Un passo indietro…

Anche stamattina come altri lunedì mi concentro sull’articolo della dottoressa Graziottin, intitolato “Un passo indietro per (ri)aprire la porta della felicità”. Mi attrae soprattutto ciò che sta tra parentesi, che induce a ripescare qualcosa di buono e bello del nostro passato. Prima ancora di leggere l’articolo, mentre il cameriere deposita sul tavolino il cappuccino cremoso col cuore disegnato e una profumata croissant, decido che oggi devo essere contenta, perché ricorre il mio anniversario di laurea, conseguita nel lontano 30 novembre 1976… ero una ragazzina di 23 anni, coi capelli lunghi ramati; indossavo gonna e gilet di velluto celeste, sotto camicetta rosa con chiusura a cravatta.
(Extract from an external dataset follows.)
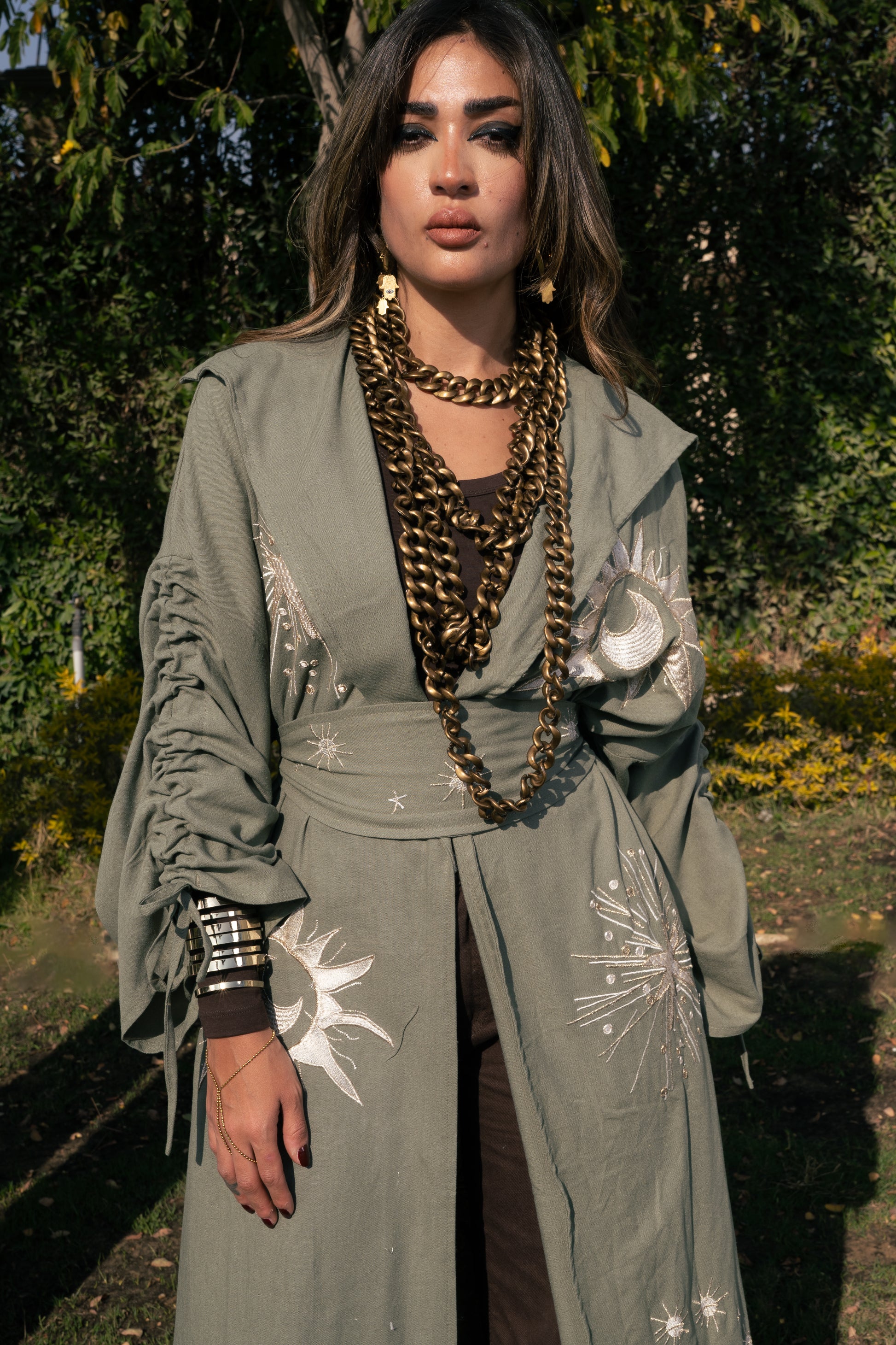 Timeless linen kaftan designed with elegant embroidery on both the front and back for a refined, artisanal finish—featuring wide belt and relaxed silhouette and natural texture.

Il particolare della cravatta non è casuale, perché sottintende il mio bisogno di indipendenza e autonomia, guadagnate colpo su colpo. Per diversi anni ho festeggiato il giorno della laurea, ritenuto centrale per la mia carriera professionale. Poi è stato superato da altri importanti eventi. Stamattina il titolo dell’articolo succitato me lo ha riportato alla memoria, procurandomi una sottile emozione. Lo leggo attentamente e comprendo che l’invito è a fare una passeggiata dentro di noi, per recuperare lo spirito dei tempi migliori, forse della gioventù ma non è esclusivo, per godere dei piaceri semplici oppure che vengono dal sacrificio e dalla pazienza. Tra l’altro, la sessuologa definisce l’attività fisica, anche il semplice camminare, il più potente antidepressivo e ansiolitico che esista. Quindi buon cammino a tutti, reale se possibile e soprattutto introspettivo.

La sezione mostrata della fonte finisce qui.